The effect of the reactor plate thickness was also investigated (Figure 9). The larger thickness provides a larger cross-section for conduction heat transfer in the axial direction, which reduces the temperature non-uniformity parameter (Figure 9). However, it also increases the size of the microreactor and, therefore, its external surface area and the heat losses to the environment. The start-up time also increases, due to larger thermal inertia. It can be seen that the slope of the curve decreases as the plate thickness increases above 1.5 mm. Therefore, a thickness of 1.5 mm was selected in the final design. This configuration provides a start-up time of about 90 s, when hot air is used initially to bring the reactor to its operating temperature.
The optimised parameters of the MRHE and inlet flow conditions are listed in Table 2. The total volume of a single reactor unit is 1.01 cm3. It is capable of converting 14.1 g of methanol per hour. Further increases in the production rate can be achieved by numbering up of the single unit using multiscale networks [49].
In this way, a reactor with a total volume of 1 L will be able to produce about 6 kg of hydrocarbon fuels per hour. A prototype container, which includes the MTH reactor, was designed, based on the proposed reactor configuration, to accommodate several reactors. According to the consecutive process steps, the miniplant is split up into three modules: the steam reforming, methanol synthesis, and gasoline synthesis modules [52]. The modular design allows an easier transportation and an independent basic testing of the functionality of the three process steps. Each of the modules was installed in a separately exhausted compartment. The life-cycle assessment results revealed that the newly proposed processes have a clear advantage over the conventional process in some categories, particularly the global warming potential and primary energy demand [2].
Converting natural gas condensate to gasoline on an industrial scale paves the way for a feasible method of manufacturing. With the further development the entire process, it can more easily be up-scaled with decentralised production. We are planning to develop the plant further, with the goal of producing up to 500 L/day of synthetic gasoline. The larger the plant size, the more profitable the plant would be, and cheaper the final fuel. This compact plant can be replicated in different plants producing gasoline, in order to achieve on-spec bulk production of liquid hydrocarbons in remote geographical areas.

4. Conclusions

A microstructured device was designed for the conversion of methanol to C8 hydrocarbons, consisting of two sections of reactors/heat-exchangers, connected in series. Each section has multiple sets of parallel microchannels (reaction channel and cooling channels), which were integrated in a single stack of microstructured plates.
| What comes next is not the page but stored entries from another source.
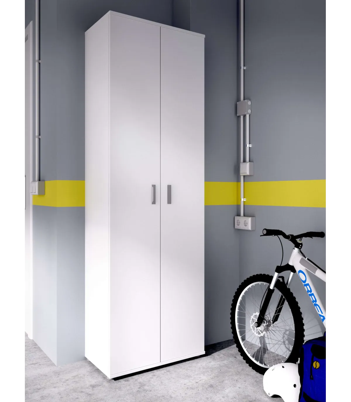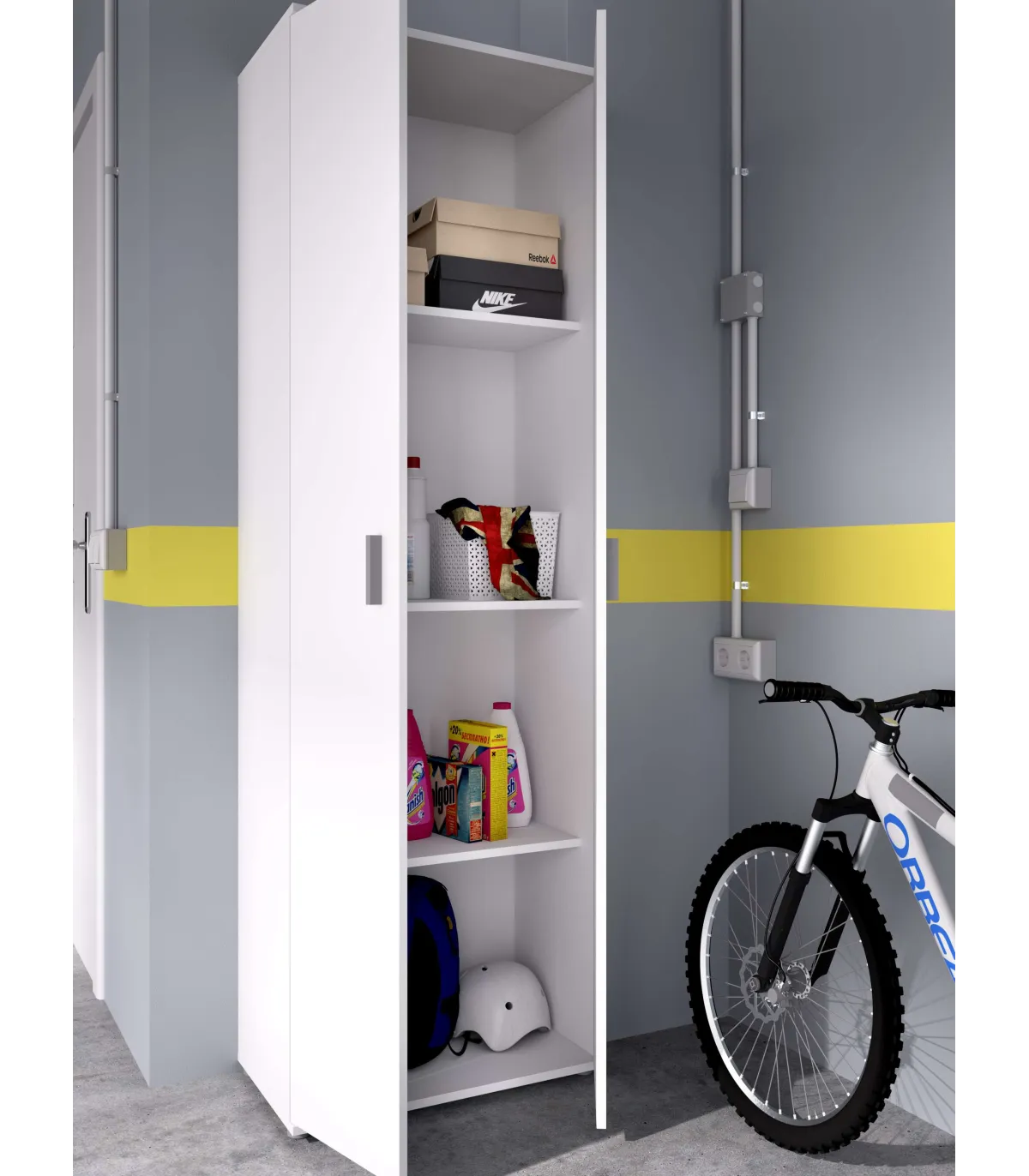 This multipurpose cabinet consists of two doors and three white shelves. It's also perfect for putting it behind a door. Realized in a melaminated agglomerate material.
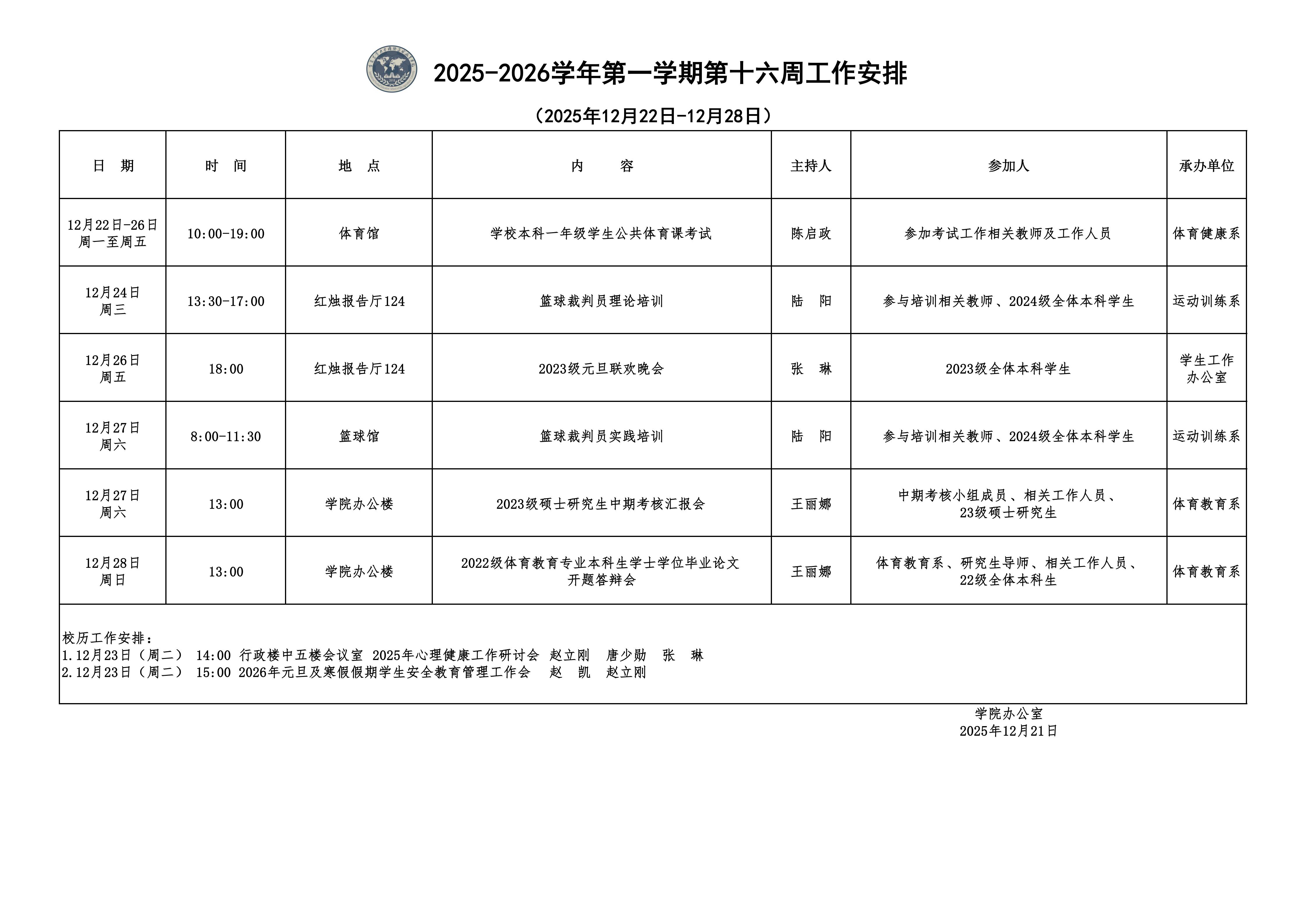 2025-2026学年第一学期第十六周工作安排
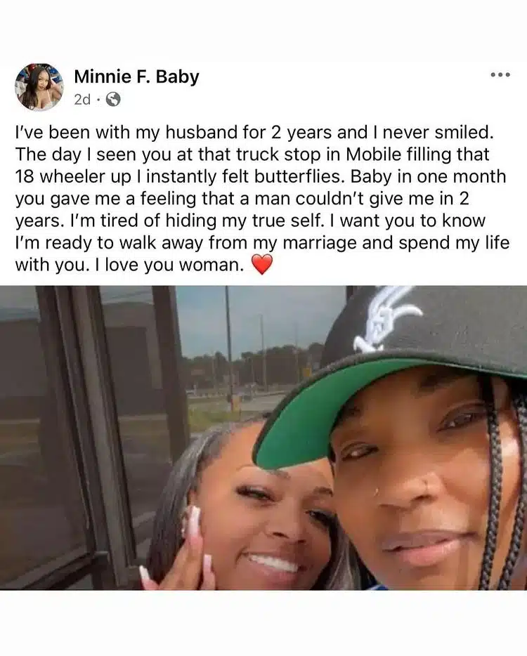 “I’ve been with my husband for 2 years and I never smiled. The day I seen you at that truck stop in Mobile filling that 18 wheeler up l instantly felt butterflies. Baby in one month you gave me a feeling that a man couldn’t give me in 2 years. I’m tired of hiding my true self. I want you to know I’m ready to walk away from my marriage and spend my life with you. I love you woman,” she added.
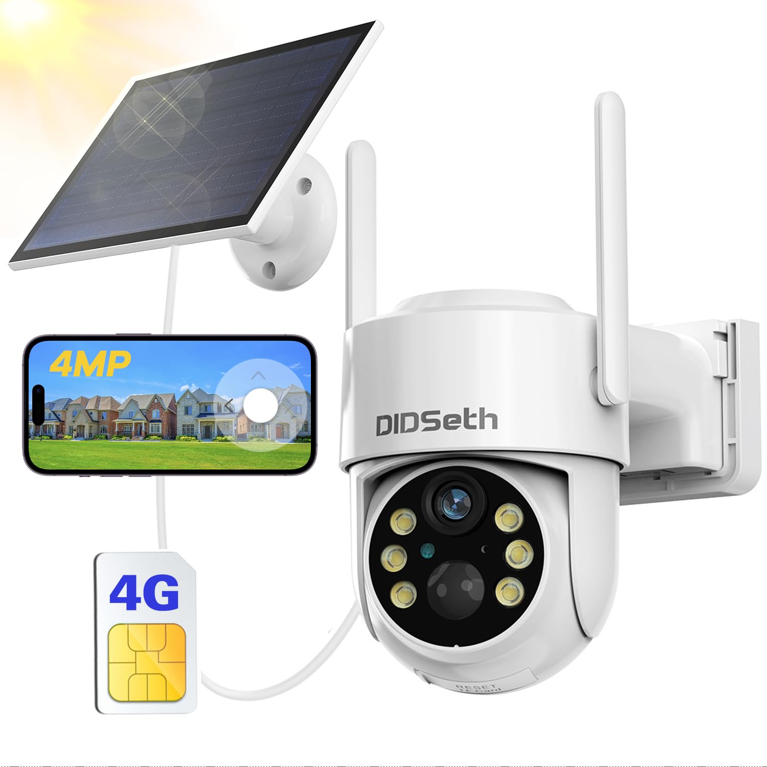 Uzraudzības kamera ar SIM karti, 2K 4MP kamera ar SIM karti un saules paneļa, 355°&90°PTZ uzraudzības kamera ārā bez Wi-Fi, krāsu nakts redzamība, PIR cilvēku atpazīšana, divvirzienu audio, SIM karte, IP66
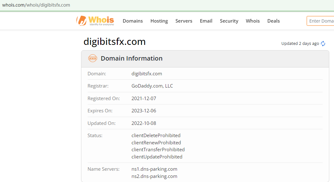 The website of Digibits, a forex broker previously registered with the Financial Services Authority of St. Vincent and the Grenadines (SVG FSA), has been shut down. Its domain, digibitsfx.com, is set to expire in early December 2023.
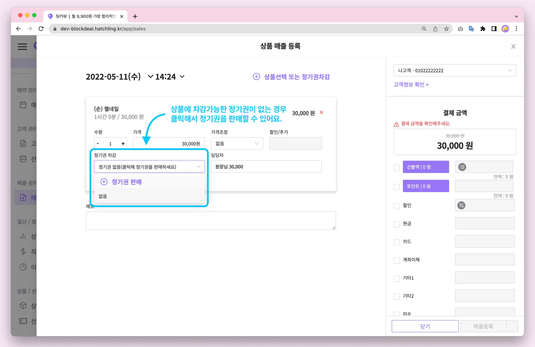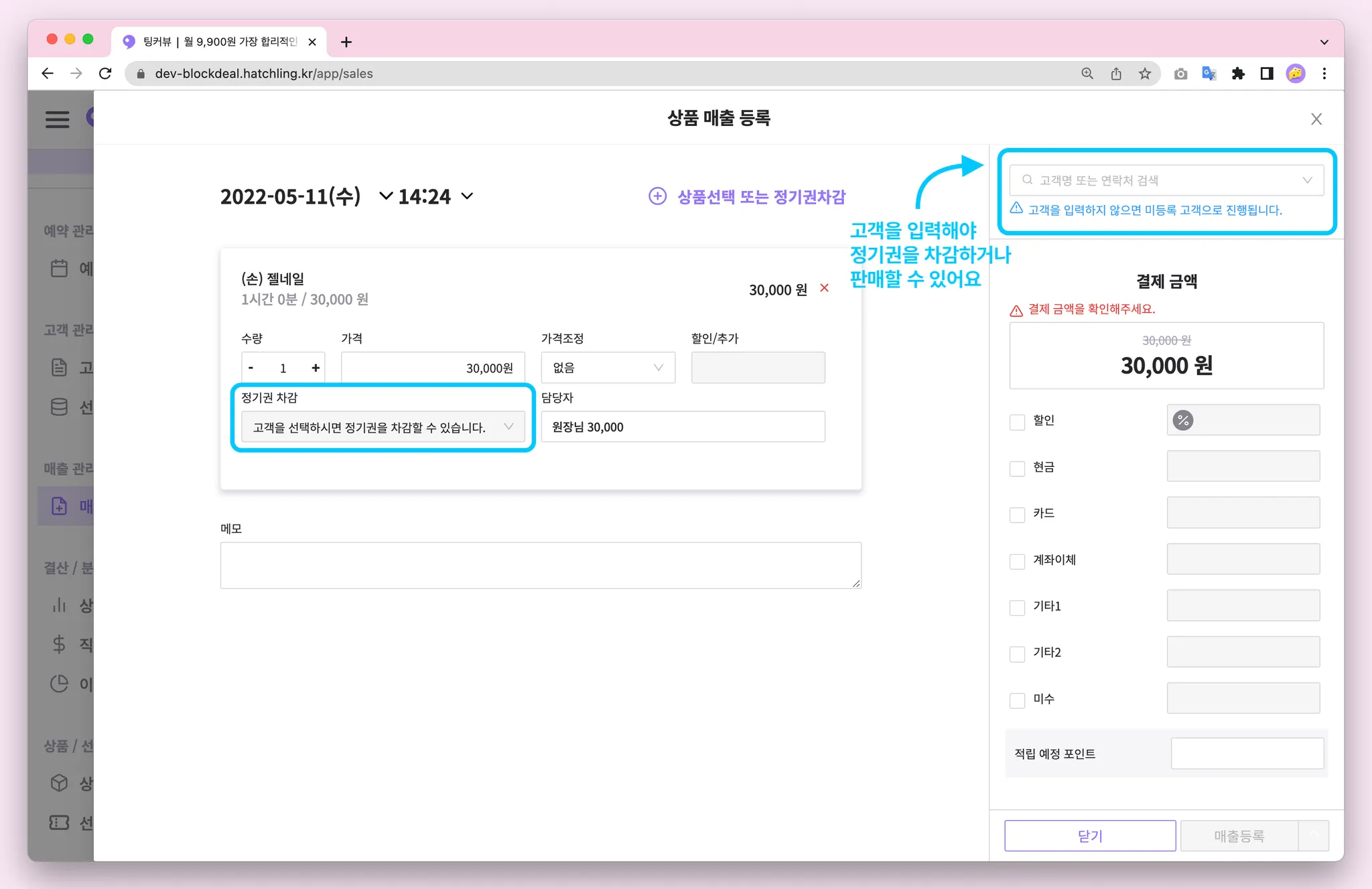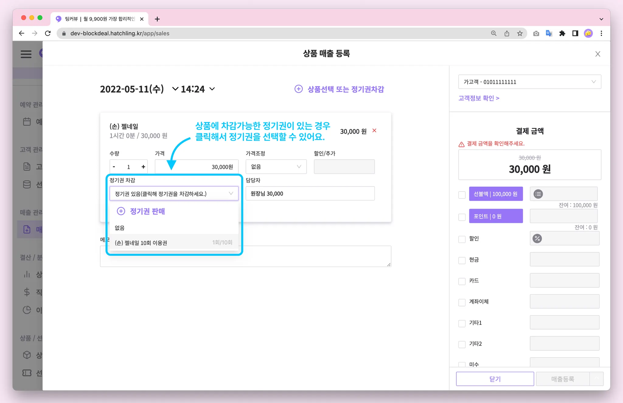 이제 매출을 등록할 때 이용가능한 정기권이 있는지 빠르게 확인할 수 있어요!
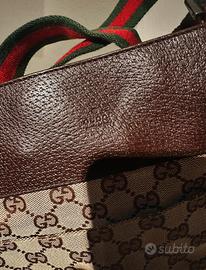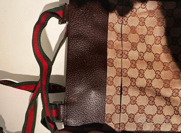 Borsa a tracolla Gucci, tessuto GG supreme beige e tracolla verde e rossa, regolabile in lunghezza. Ha due tasche esterne, su entrambi e lati. Zip centrale e zip interna con altra tasca. Usata ma in ottime condizioni. Ha due piccoli segni sulla parte in pelle di un lato (ultima foto).
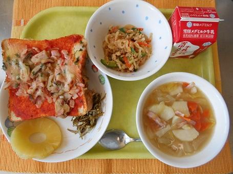 ピザトースト 牛乳、
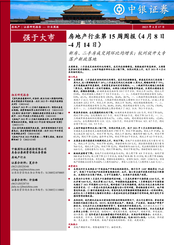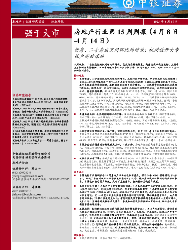 【中银证券】【20230417】房地产行业第15周周报:新房、二手房成交同环比均增长;杭州放开大专落户新政落地-32页
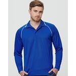 Description: Breathable diamond knitted fabric. Long raglan sleeves. Contrast piping on raglan sleeve seams and on collar.
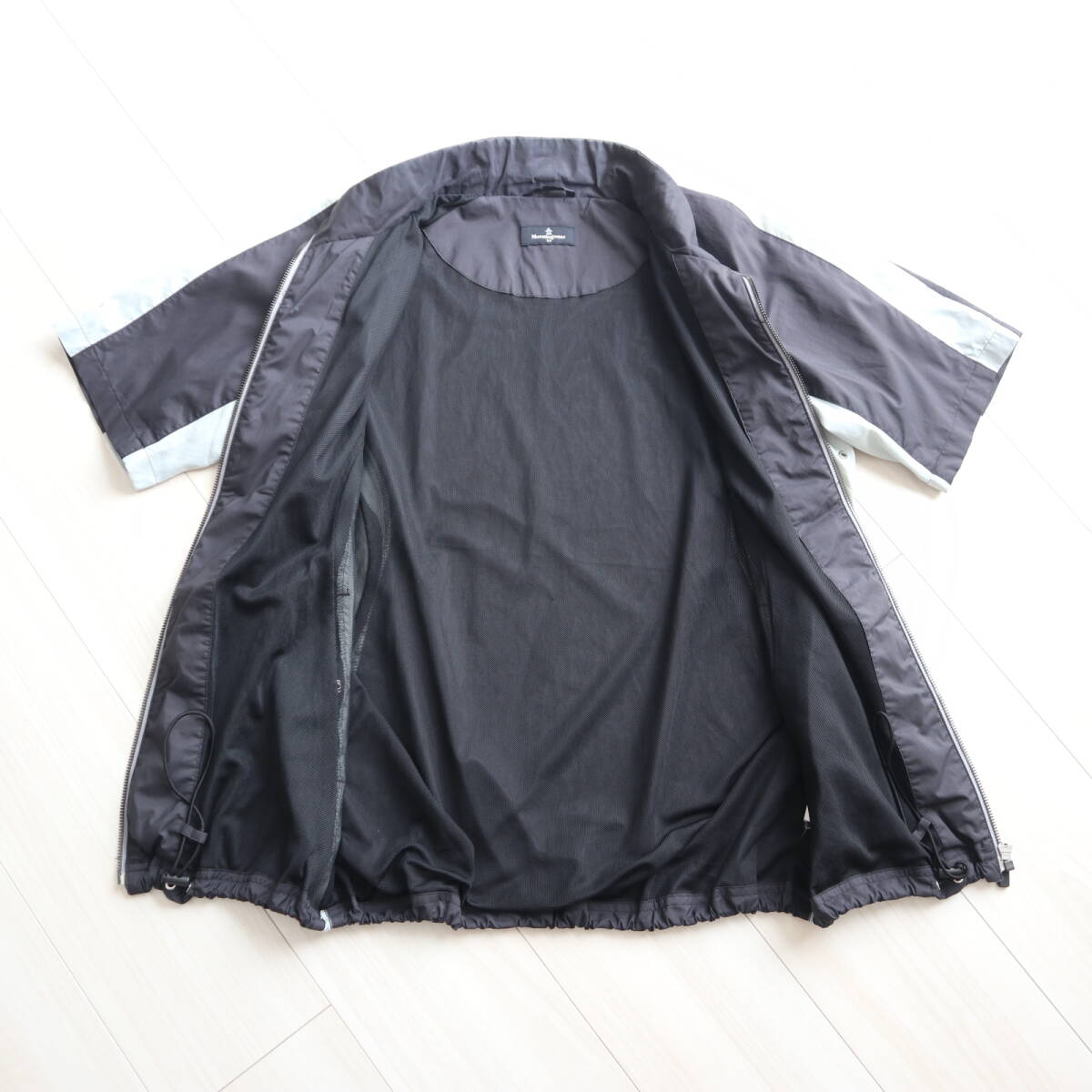 撥水機能の軽量ポリエステル素材、半袖フルジップウィンドジャケット

In this reactor, a temperature gradient across the H-ZSM-5 catalyst was below 15 K, corresponding to an adiabatic temperature rise of 550 K. It has been shown that a throughput of 6 kg h−1 of liquid hydrocarbons is possible in a reactor with a total volume of 1 L, operated at a mean temperature of 353 K.

Author Contributions

G.H. performed modelling work, interpretation of results, and he prepared an initial draft of the paper; N.C. performed day-to-day management of the project; E.V.R. performed review and editing, funding acquisition, and project administration. All authors have read and agreed to the published version of the manuscript.

Funding

This research was funded by the European Commission, in the scope of the Seventh Framework Programme, BIOGO project (Grant Number: 604296); https://www.biogo.eu, accessed on 10 October 2021.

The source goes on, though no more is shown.